◆ Problem to work on ◆
Starting with the line below that holds "Santiago's signature item." and stopping after the line that holds "Originating from a", transcribe the lines exactly, leaving out all pictures.

(Stored entries)
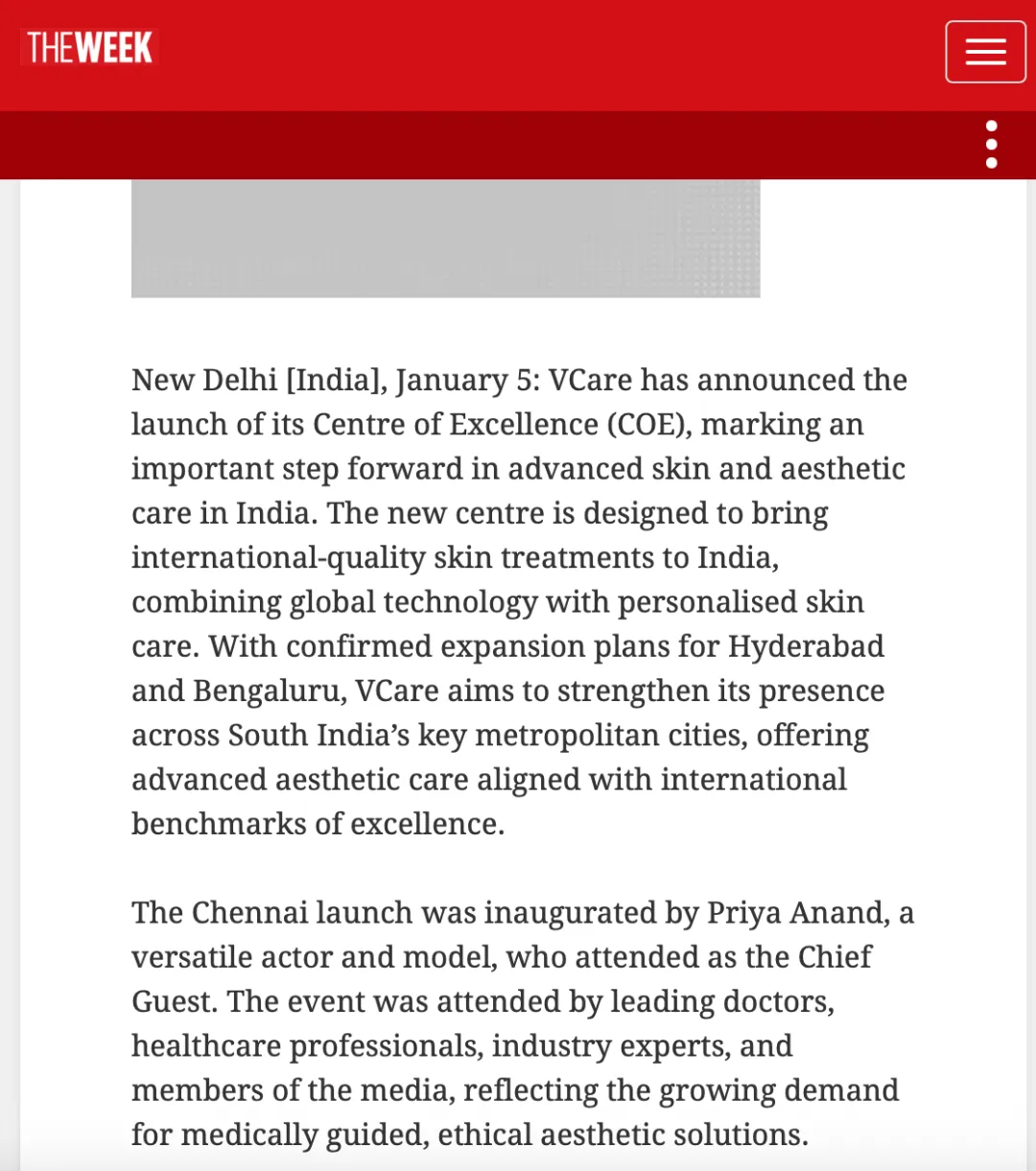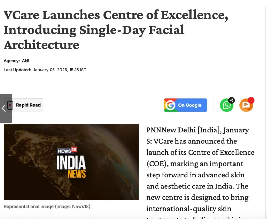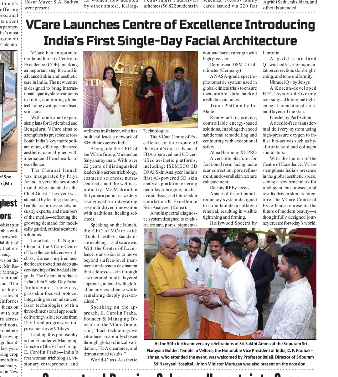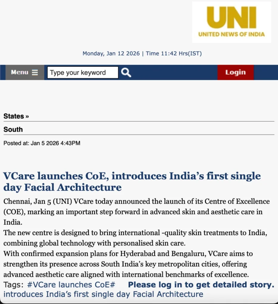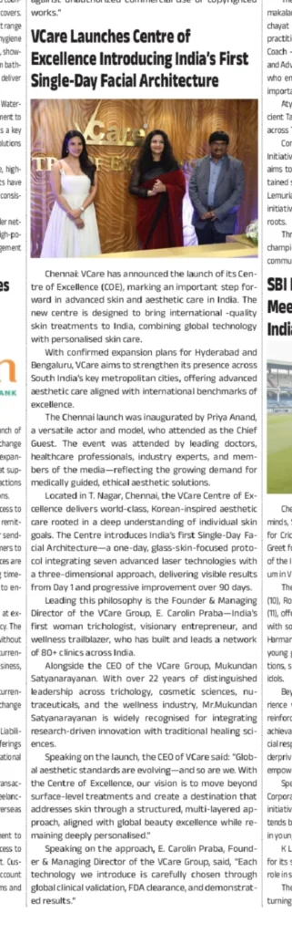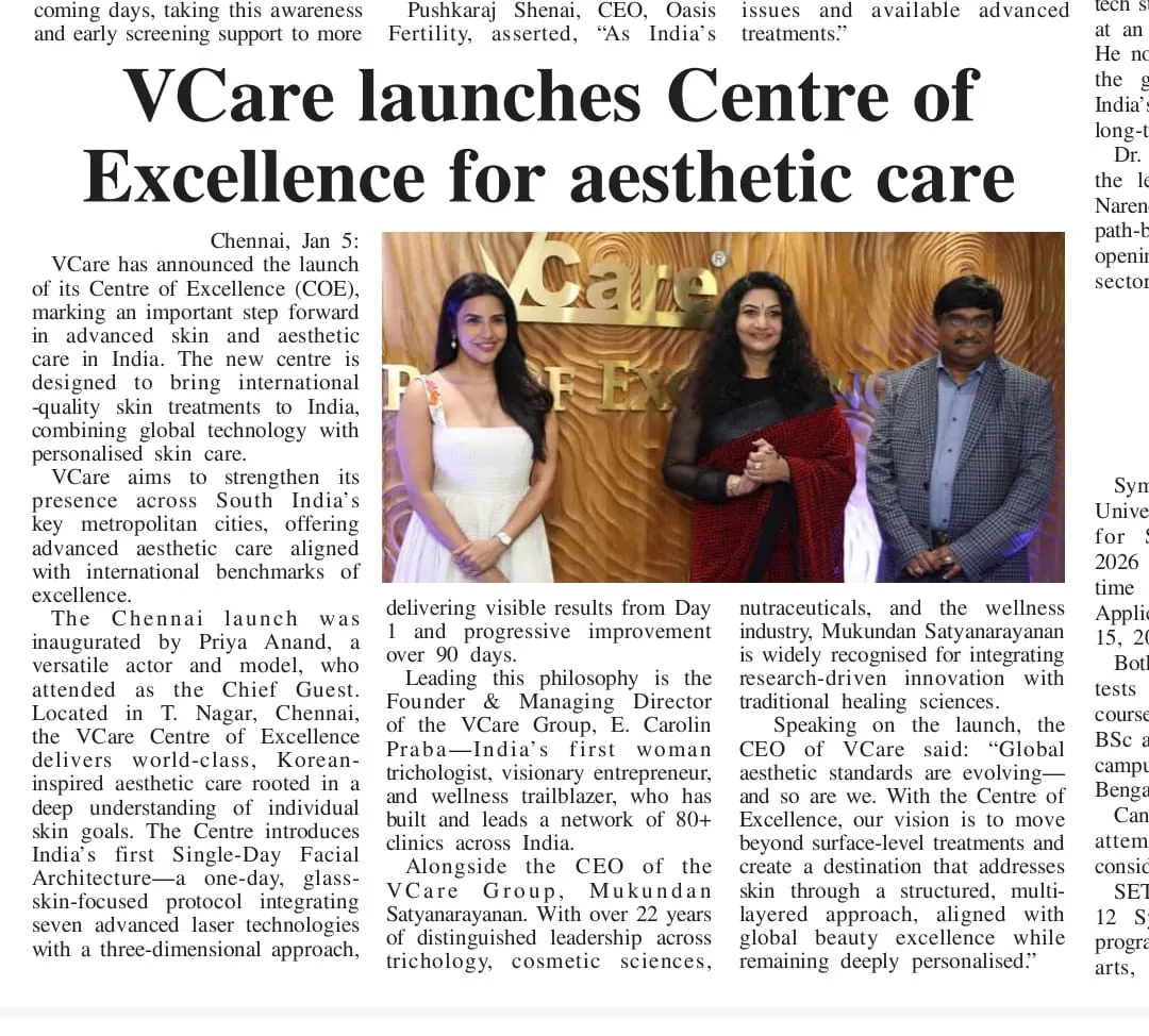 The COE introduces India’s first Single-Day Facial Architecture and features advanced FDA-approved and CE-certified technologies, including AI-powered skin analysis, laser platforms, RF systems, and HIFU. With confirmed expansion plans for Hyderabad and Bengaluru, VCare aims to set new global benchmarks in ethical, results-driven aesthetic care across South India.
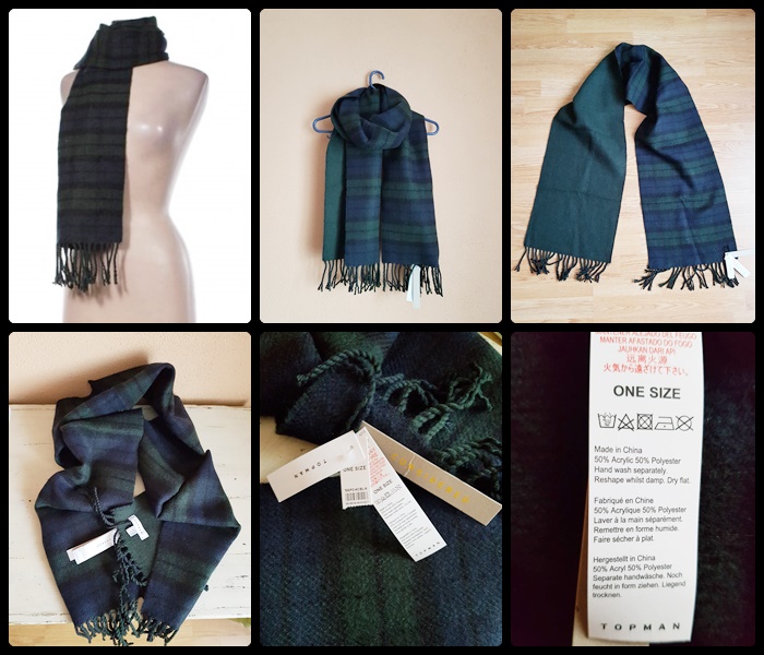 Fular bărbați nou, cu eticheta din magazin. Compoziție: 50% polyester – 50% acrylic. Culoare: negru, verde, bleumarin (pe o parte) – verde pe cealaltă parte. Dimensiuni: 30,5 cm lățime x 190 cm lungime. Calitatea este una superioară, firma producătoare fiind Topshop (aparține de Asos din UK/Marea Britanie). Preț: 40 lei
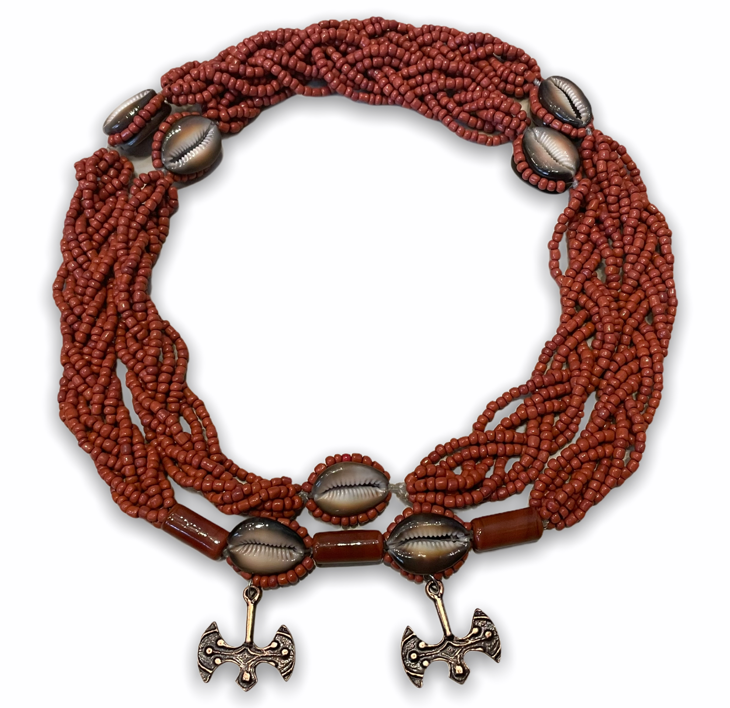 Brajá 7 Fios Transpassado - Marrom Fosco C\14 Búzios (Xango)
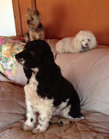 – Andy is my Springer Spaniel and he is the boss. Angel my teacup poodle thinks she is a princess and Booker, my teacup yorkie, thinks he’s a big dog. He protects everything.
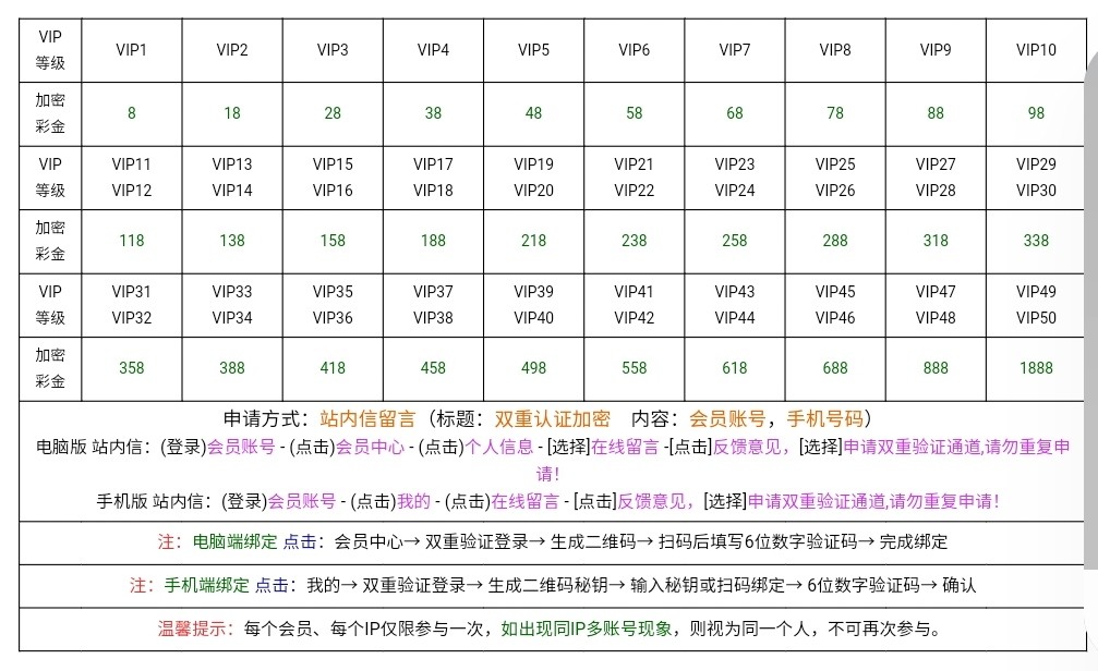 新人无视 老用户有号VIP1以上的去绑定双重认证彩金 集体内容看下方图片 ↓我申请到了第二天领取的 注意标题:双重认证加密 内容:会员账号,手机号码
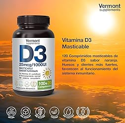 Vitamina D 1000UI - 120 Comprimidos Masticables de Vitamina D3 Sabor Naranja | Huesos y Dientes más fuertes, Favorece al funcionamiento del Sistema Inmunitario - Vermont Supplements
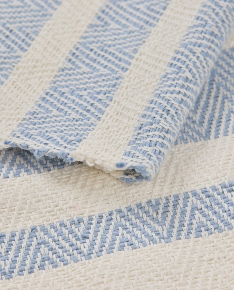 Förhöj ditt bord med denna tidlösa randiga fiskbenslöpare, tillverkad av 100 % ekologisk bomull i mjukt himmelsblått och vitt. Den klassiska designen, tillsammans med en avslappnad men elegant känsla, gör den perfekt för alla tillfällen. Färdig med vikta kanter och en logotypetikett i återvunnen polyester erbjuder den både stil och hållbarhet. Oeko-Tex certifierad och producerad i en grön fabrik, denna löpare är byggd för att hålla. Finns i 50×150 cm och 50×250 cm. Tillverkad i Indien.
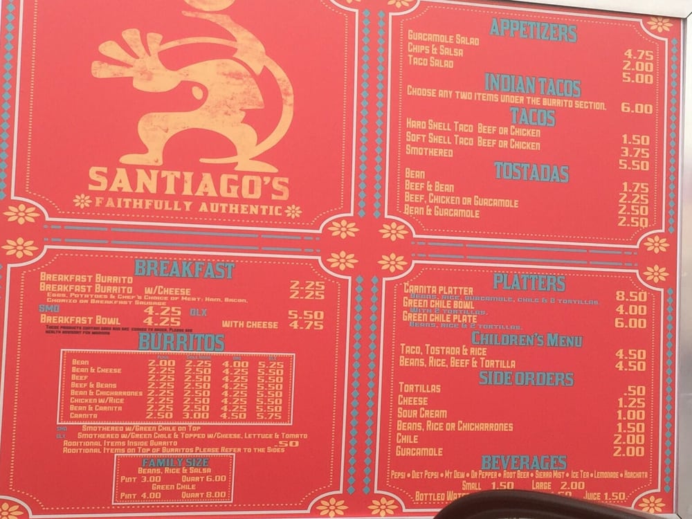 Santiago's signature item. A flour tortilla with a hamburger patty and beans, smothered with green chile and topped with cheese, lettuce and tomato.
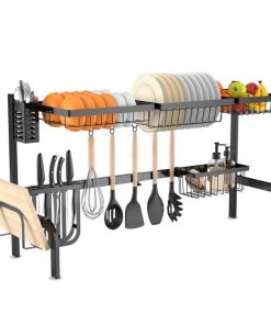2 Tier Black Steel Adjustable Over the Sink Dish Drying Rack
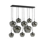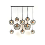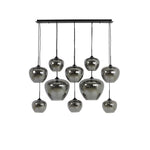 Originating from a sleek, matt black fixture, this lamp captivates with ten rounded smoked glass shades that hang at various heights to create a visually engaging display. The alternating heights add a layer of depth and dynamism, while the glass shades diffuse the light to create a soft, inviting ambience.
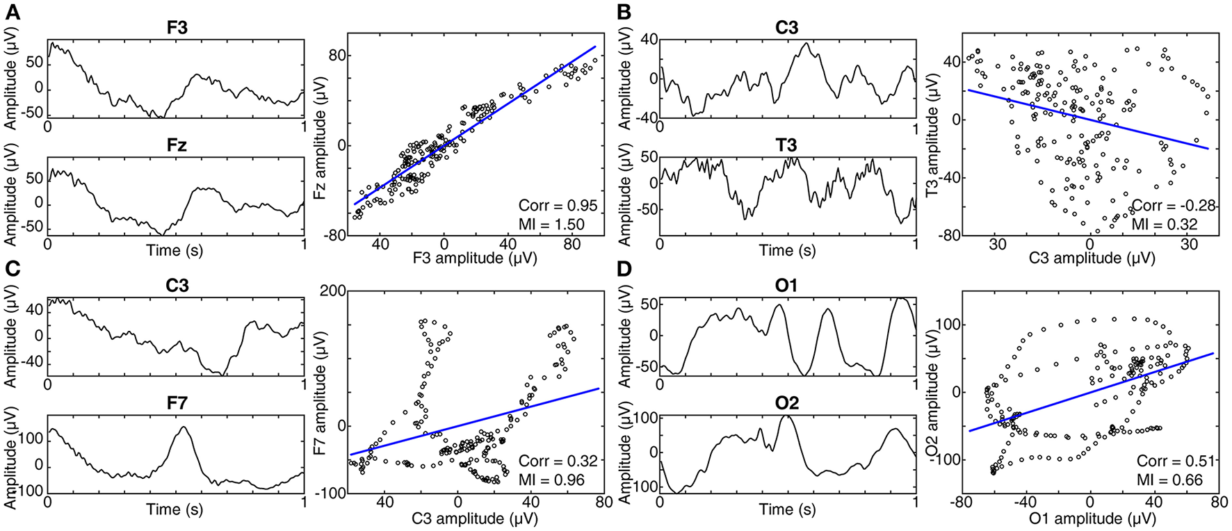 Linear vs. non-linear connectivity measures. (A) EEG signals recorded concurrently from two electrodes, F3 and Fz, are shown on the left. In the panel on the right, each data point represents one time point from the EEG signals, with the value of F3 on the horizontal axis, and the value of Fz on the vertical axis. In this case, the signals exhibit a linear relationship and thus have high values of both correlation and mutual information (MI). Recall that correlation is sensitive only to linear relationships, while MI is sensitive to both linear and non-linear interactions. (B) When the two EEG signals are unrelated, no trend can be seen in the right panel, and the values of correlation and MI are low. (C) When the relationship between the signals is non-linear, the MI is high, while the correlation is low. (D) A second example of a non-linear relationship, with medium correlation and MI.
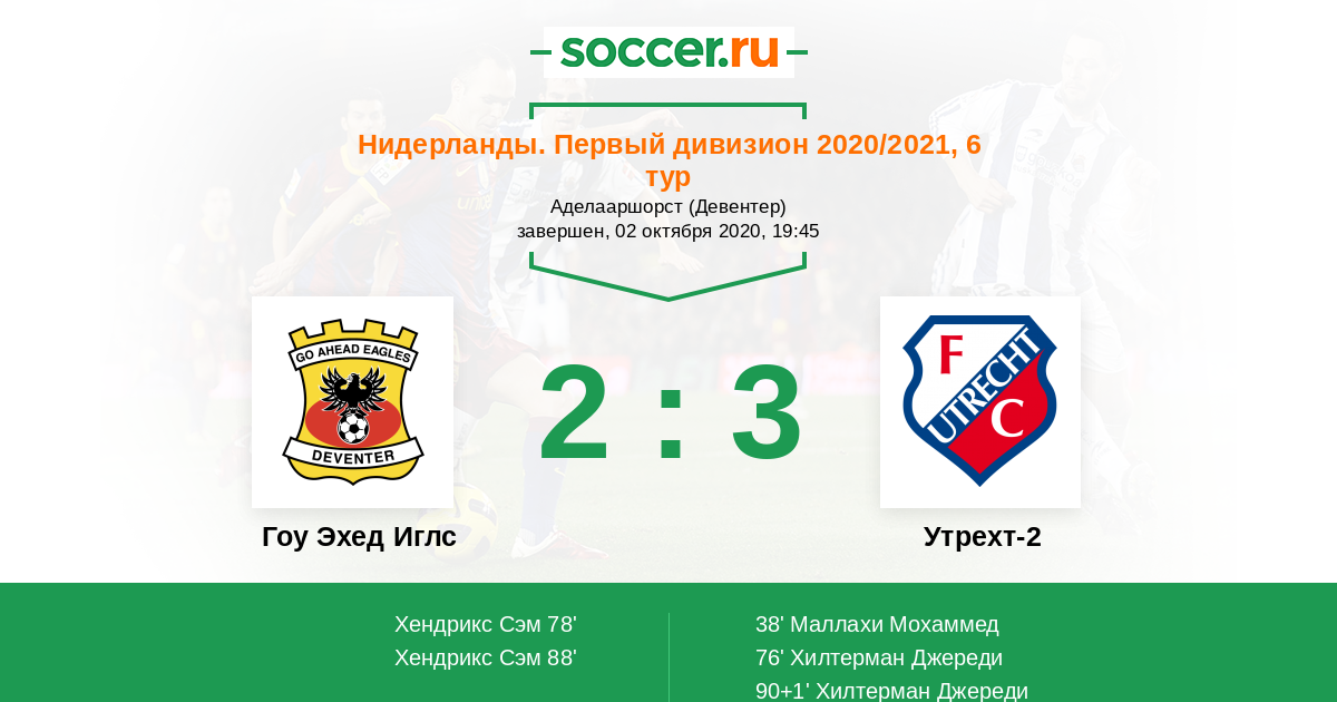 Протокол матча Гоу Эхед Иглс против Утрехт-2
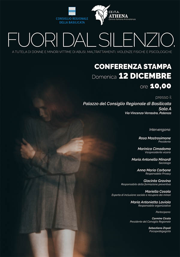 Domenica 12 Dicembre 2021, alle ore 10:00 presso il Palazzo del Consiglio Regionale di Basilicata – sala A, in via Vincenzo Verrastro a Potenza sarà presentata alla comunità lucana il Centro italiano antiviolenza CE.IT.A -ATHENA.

◆ Written response ◆
 Santiago's signature item. A flour tortilla with a hamburger patty and beans, smothered with green chile and topped with cheese, lettuce and tomato.
2 Tier Black Steel Adjustable Over the Sink Dish Drying Rack
 Originating from a sleek, matt black fixture, this lamp captivates with ten rounded smoked glass shades that hang at various heights to create a visually engaging display. The alternating heights add a layer of depth and dynamism, while the glass shades diffuse the light to create a soft, inviting ambience.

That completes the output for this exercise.